It is only by means of good and respectfull discussion that knowledge and insight will evolve. This post should be regarded as such. Furthermore, it is from a good friend from whom I understood that Rick meant to be controversial with these papers.....
This post is a first reaction to the first article in a series of three which were written by a highly respectfull thoughtleader in the field and publisher on the B-Eye-Network; Rick van der Lans. The papers are titled 'The Flaws of the Classic Data Warehouse Architecture'.
This blog post is a reaction to the first part. It deals with the flaws of the classic data warehouse architecture (CDWA) according to Rick. If you wanna know what exactly constitutes a CDWA - I would suggest to read this first part.

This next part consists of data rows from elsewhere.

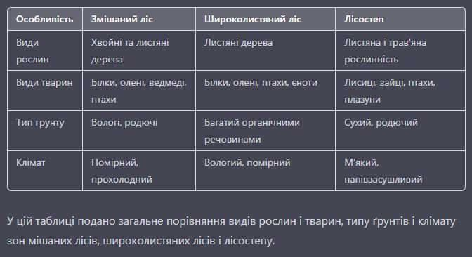 Складіть порівняльну характеристику (у формі таблиці) пристосування рослин до умов навколишнього середовища в ме- жах зон мішаних лісів і степу.
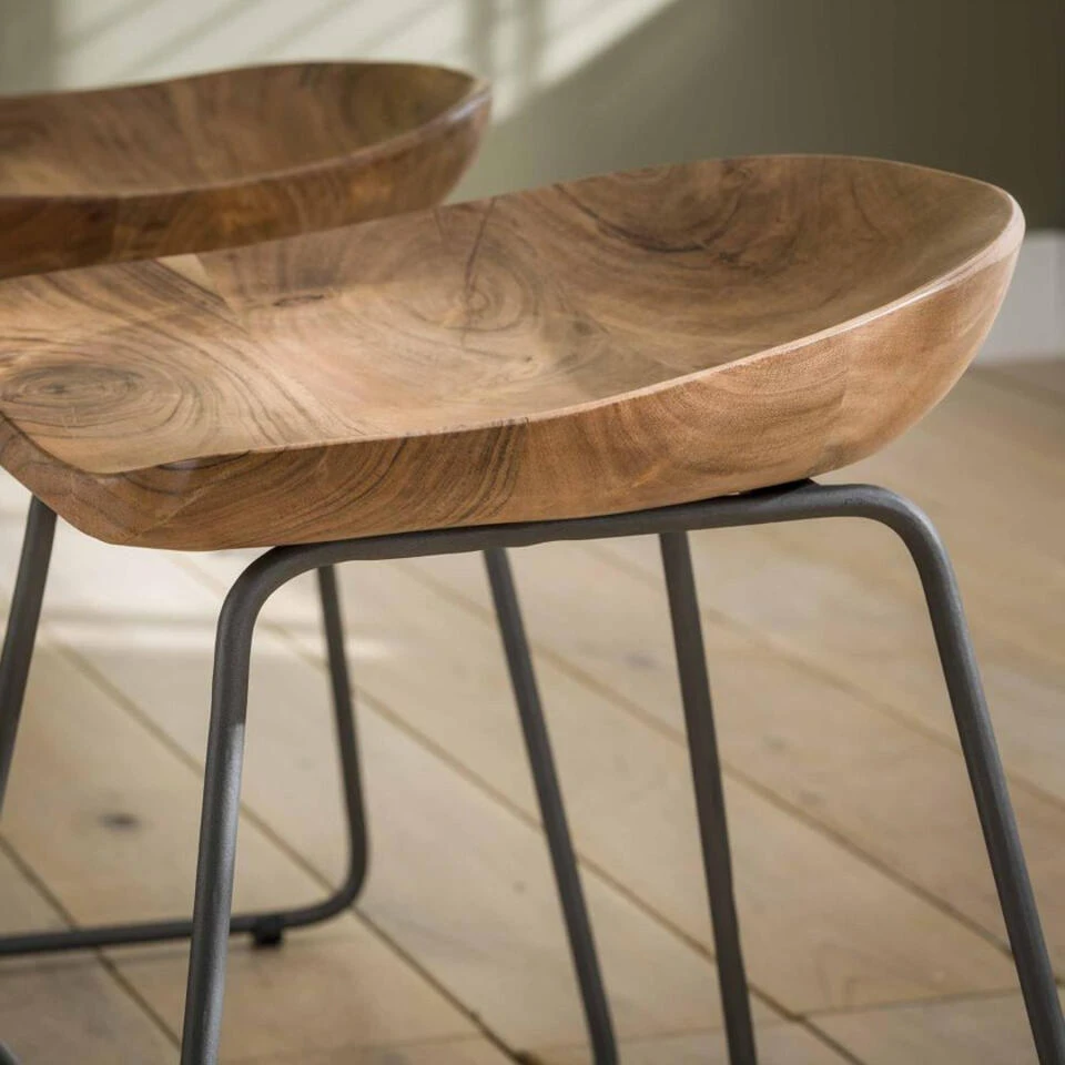 Giga Meubel Houten Krukje – Acaciahout – Naturel – Metalen Frame
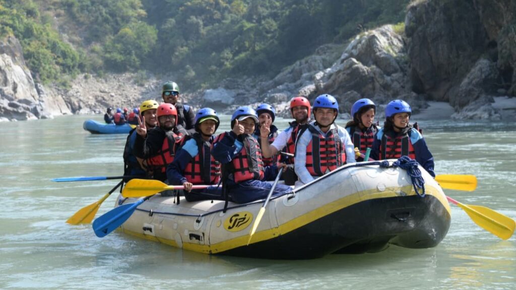 रिवर राफ्टिंग के दौरान प्रतिभागियों को सुरक्षा उपकरण और प्रशिक्षित गाइड प्रदान किए गए। नदी के सुरम्य दृश्य और रोमांचक पानी के मार्ग ने सभी का मन मोह लिया।
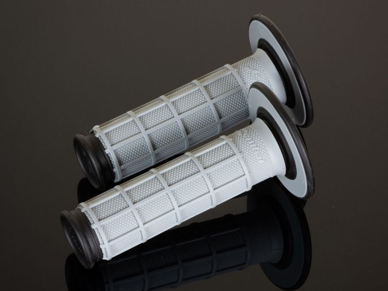 Puños Renthal G152 MX Dual Compound gris / negro. Puños Renthal G152 Dual MX de medio cuadradillo. Están especialmente diseñados para motocross y disponen de una superficie blanda para un agarre excelente. Puños en doble color para dar una apariencia más racing a tu máquina. Combinan la durabilidad de los puños y excelentes cualidades de absorción.
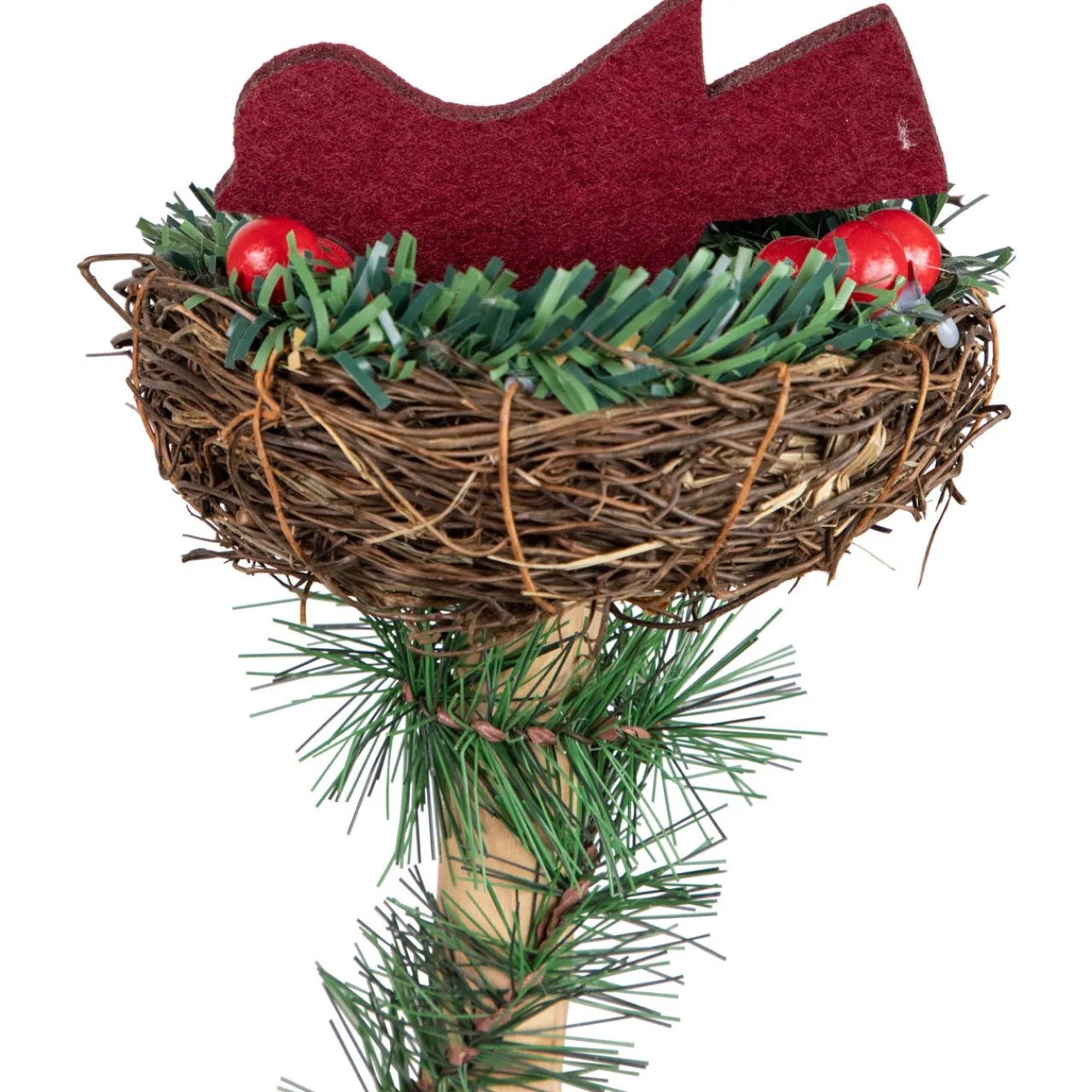 - Holding a staff with a birds nest on top and carrying a sack of gifts
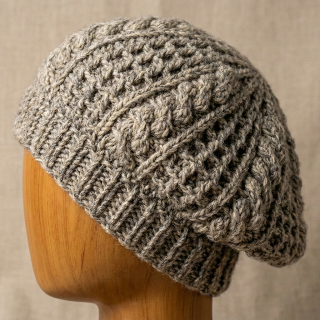 A cozy, tactile beret that showcases texture stitches — waffle, cable-ish post stitches, or popcorn rows — ideal for winter warmth.
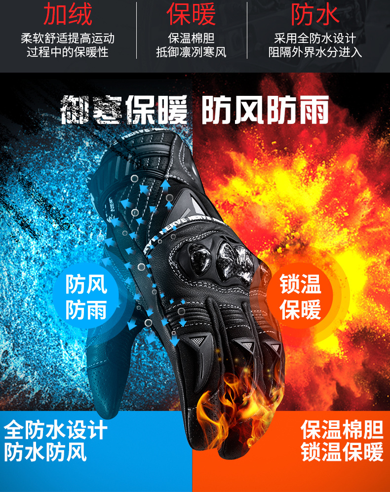 骑行部落摩托车骑行手套冬季加绒加厚保暖防水防寒MTV-08(新)
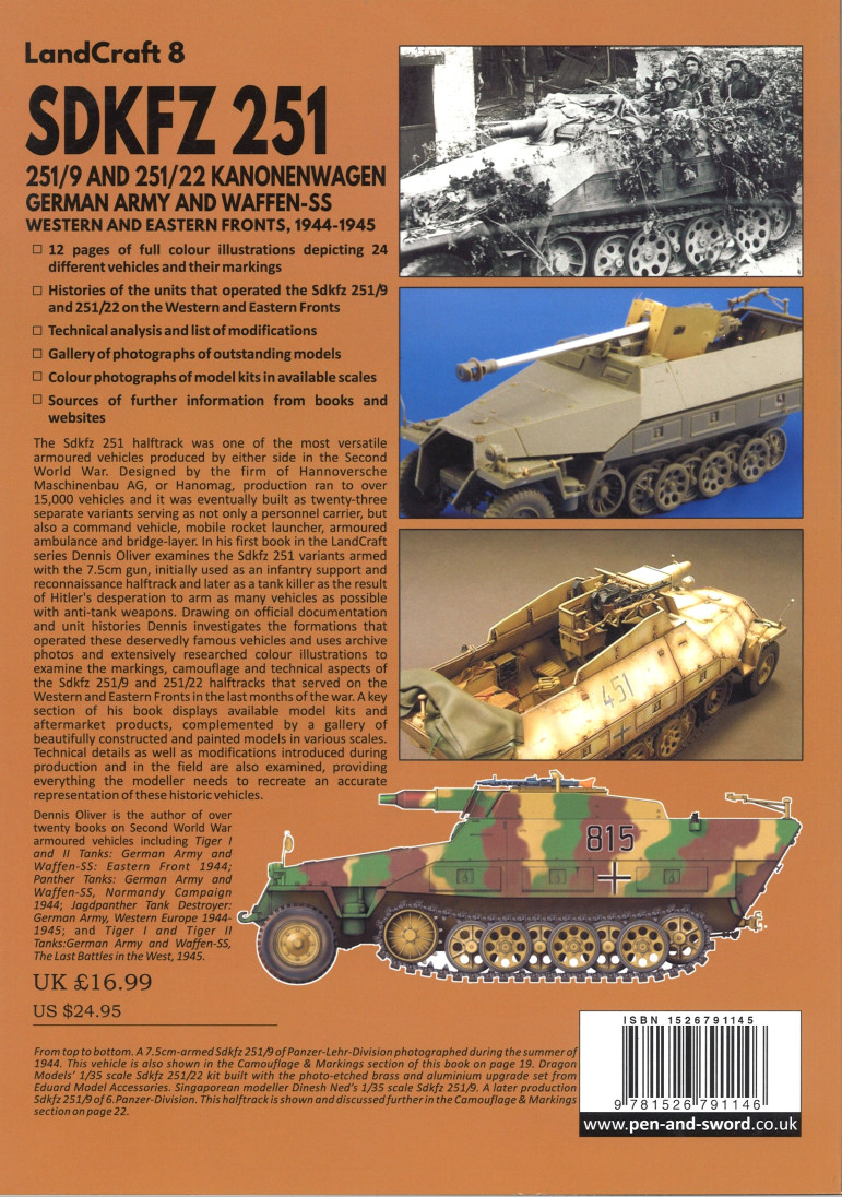 Dans son premier livre de la série LandCraft, Dennis Oliver examine les variantes Sdkfz 251 armées du canon de 7,5 cm, initialement utilisées comme semi-chenillé de soutien et de reconnaissance d'infanterie et plus tard comme chasseur de chars à la suite de la volonté d'Hitler d'armer autant de véhicules que possible. avec des armes antichars.
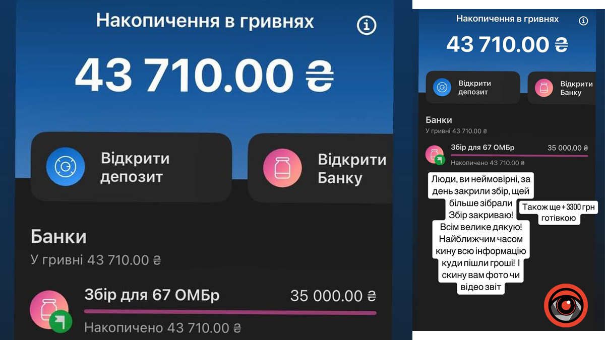 Загалом на сьогодні зібрано 43 710 грн. Також зроблено донати готівкою на суму 3 300 грн.
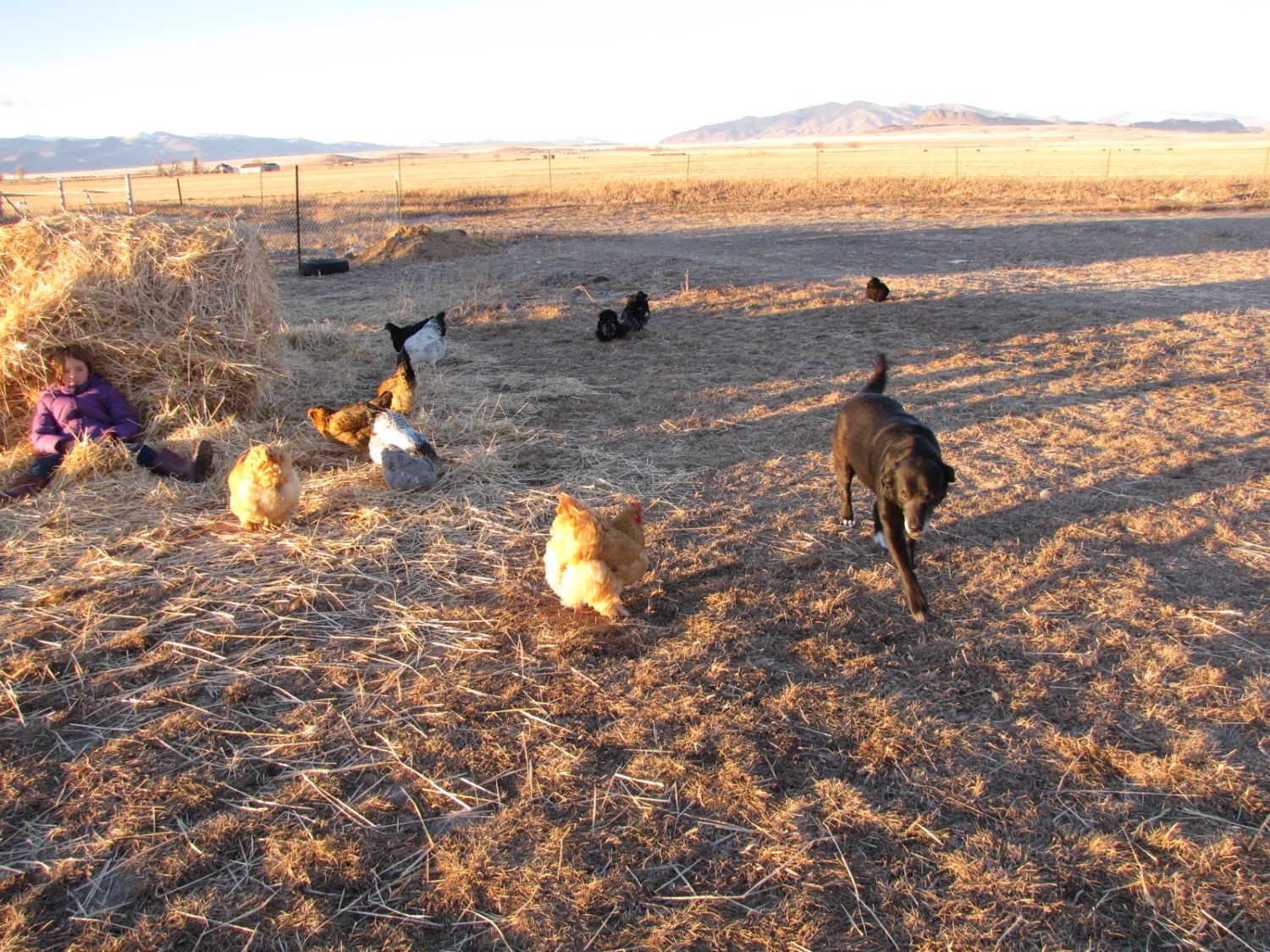 Hannah trying to stay warm, the crew and our great chicken herder Sadie

Rick signals five flaws which will lead in article two and three to a new architecture. This post is addressing the first flaw. In upcoming postings on this blog I will also adress the other four and I will also respond to the solution he is proposing.
Flaw 1 according to Rick
The CDWA does not support the concept of Operational Business Intelligence. This conclusion is drawn from the fact that the CDWA can not include 100% up-to-date information. Rick concludes that we have to remove storage layers and minimize the copy steps.
My reaction to flaw 1
A metaphor; I am driving my car and suddenly I say 'damn; I wanna fly'. Looking at my car, I can not seem to find the 'fly' button and I therefore conclude that my car is flawed.
Although a bit of a corny metaphor it reflects the core of my criticism. Aparently there is a new requirement called Operational Business Intelligence* that can not be served by the existing architecture. Is the existing architecture then flawed? I do not think so. Does the existing architecture fit the needs of the organisation? I do not think so. So flaw 1 in my opinion is not a flaw, it might simply be not a good fit between requirement and architecture.
Let's take this corny metaphor one step further. Suppose there is a genuine need for me to fly (e.g 100% up-to-date information for decision-like processes*). Is it then considered common sense to build wings on my car and put in a jet engine? I wouldn't ......I would just buy a plane ticket and get to an airfield or maybe I would use a substitute to achieve my objectives....the train.
To conclude; requirements are evolving and architecture needs to follow. The data warehouse architecture depicted as a hub-spoke model is still valid for it's intented use (although the design is evolving). New requirements can lead to new choices in architecture (and subsequently in design).
Although I do not agree on the flaw issue, I do agree that new requirements can require new architecture which - in the end - is exactly what Rick is proposing (although I do not agree completely on this new architecture - but lets keep that in mind for a next posting).
* as you can see I am eluding the tedious discussion regarding the term Operational Business Intelligence. I am also eluding the so-called 'fact' that organizations all need 100% up-to-date information for decision like processes.